Tuesday, July 31, 2007

And Now For Something Completely Different


2004 Chateau Angelus, St-Emilion, France ($125)

Published by
BAS
at July 14, 2007 1 Comment

This is a review from Chateau Petrogasm, my new favorite wine review site. I have to agree with the single anonymous reader who, upon seeing this review, courageously commented: "That's strangely accurate." It really is. But it's also wonderfully thought provoking. Do they mean the tannins hit you like an anvil? That there are iron notes? That it has smooth edges, and some rough edges, too? What does it all mean?

"Wine is art, drinking it should be too!" Or so Andrew Stuart and Benjamin Saltzman, the founding residents of this imaginary chateau, contend. By reviewing a wine through an image, they provide a wine review blog that speaks to people of all languages, that is entirely subjective, and that engages the reader. Stuart, Saltzman, and the four other chateau "residents" also underscore that wine exists in a place that words can't always reach, and that in trying to capture a wine in words we wine reviewers sometimes miss the mark. Whether a picture of white wisteria to accompany a Zind Humbrecht gewurztraminer, conveying the essence of a California syrah with a fat-bellied puppy, or suggesting a black and white graphic is the perfect expression of a 1996 Champagne, this is a wine blog that challenges and delights.

Visiting Chateau Petrogasm has become my preferred morning brain exercise. It beats Sudoku, no question. It gets the old synapses firing better than caffeine. And it's the only wine review site that can put forward a reasonable claim that philosophers from Plato to Wittgenstein (were they still living) would vote for it in the American Wine Blog Awards.

Go. Now. Visit. Have fun. Laugh. Think. It will do you good.

8 comments:

Orion Slayer said...

Huh?

Dr. Debs said...

You got it! Huh is the right response. But it got you thinking, yes? And you have to admit it's the most original thing out there in the wine review world.

Orion Slayer said...

It did get me thinking. I want to go back and see if they ever feature a wine I've had so I can see where they are coming from. I would be scary if Gary Vaynerchuk gave a picture with some of the discriptions of wine he gives! Are you watching him on Conan tonight?

Dr. Debs said...

Good idea. The 'puppy' syrah made so much sense to me, not because I had that particular syrah but because I've definitely had syrahs that seemed like young puppies that it all just clicked. But what I really love is the effort required to figure it out.
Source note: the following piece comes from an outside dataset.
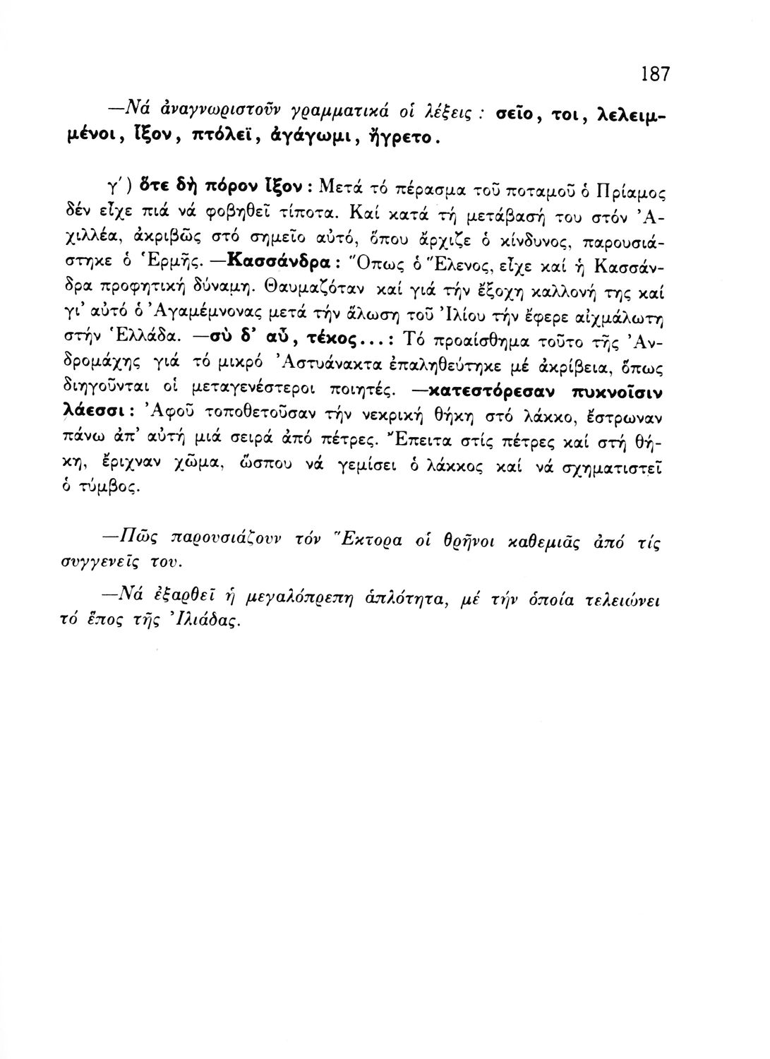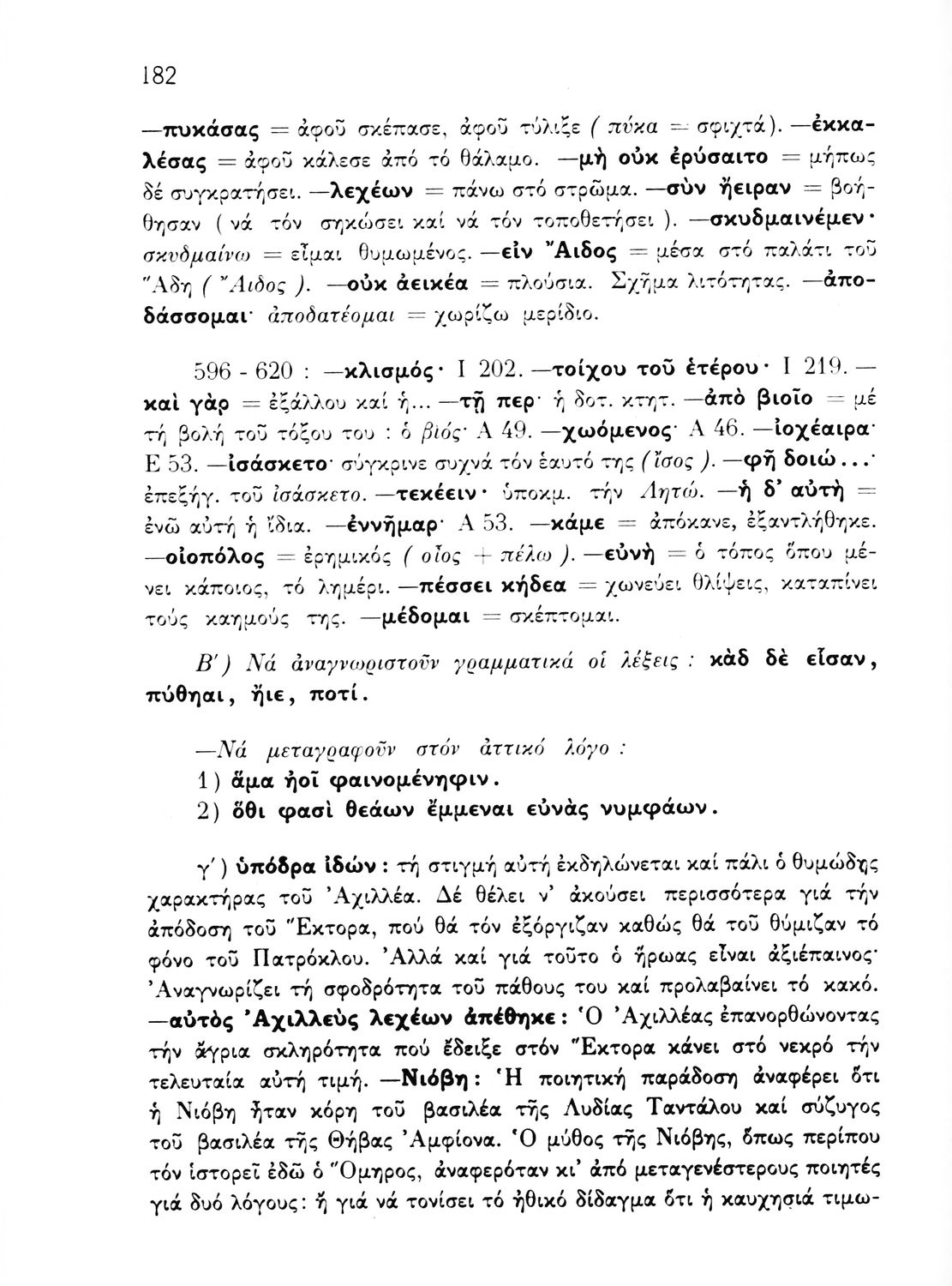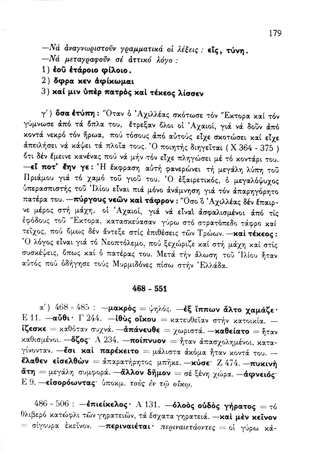 520 ## _aΣχολικό εγχειρίδιο Αρχαίων Ελληνικών που περιέχει εισαγωγικό σημείωμα σχετικά με το περιεχόμενο της Ιλιάδας του Ομήρου και την εποχή στην οποία αναφέρεται ο μύθος. Σε πρωτότυπο κείμενο περιλαμβάνονται αποσπάσματα από τις Ραψωδίες της Ιλιάδας Α, Γ, Ε, Ζ, Ι, Ω και παρεμβάλλονται συνδετικές περιλήψεις μεταξύ των ραψωδιών στη δημοτική γλώσσα. Τέλος, περιέχονται ερμηνευτικές σημειώσεις (σημασιολογικές, γραμματικές, πραγματολογικές) και παράρτημα εικόνων και χαρτών.

The champagne I'm still working on, but I think it might be about the bubbles!

I don't have TV where I am--normally I'm an addict, but we don't get any signal up here. But I can't imagine it won't be on YouTube in 20 seconds.

winedeb said...

Whew ! This sight blew me away! I will be spending way to much time at this one! Some of them made my brain go %^&*)&*^%^$^
Actaully too cool !

Anonymous said...

I posted this comment on WLToday but I'll post here too!...

I can't tell if the site is a joke or not. It is perfect, though, combining the cliché absurdity of the art world with the old perceived snobbery of the wine world, mashing up the two in almost a performance art meets dada kind of way. Let's call it Performance Blogging...I don't know, there has to be a better name for it. Debs?

Anonymous said...

While the idea for the site started with a series of inside jokes between myself and Ben, once the site was launched, it became clear very soon that the reviews are effective at conveying characteristics of the wine. Certainly, there's the fact that you can't describe minute Characteristics of the wine, denoting how a '04 Napa Cab is "redolent of mild herbs and thick with cassis", it's still safe to say that certain images are good at describing the wine as a whole. Sometimes, it helps to have had the wine. Today I posted a picture of a brick wall to describe a 2005 Sea Smoke Pinot. That might be cryptic if you haven't had that particular wine, but as soon as other people who tasted the wine saw the image, it made sense. So I guess this is a long winded way of saying that the site was born of jokes, but is not in fact, a joke.

-AMS

Dr. Debs said...

Thanks, CP residents, for responding to Jill's questions. I suspected that was the way the site started. First it was tongue in cheek, then you said "hey, this works!" The images keep getting better and better for each wine so it's also fun for me to see your skills as "performance art wine reviewers" improve. Keep up the great work.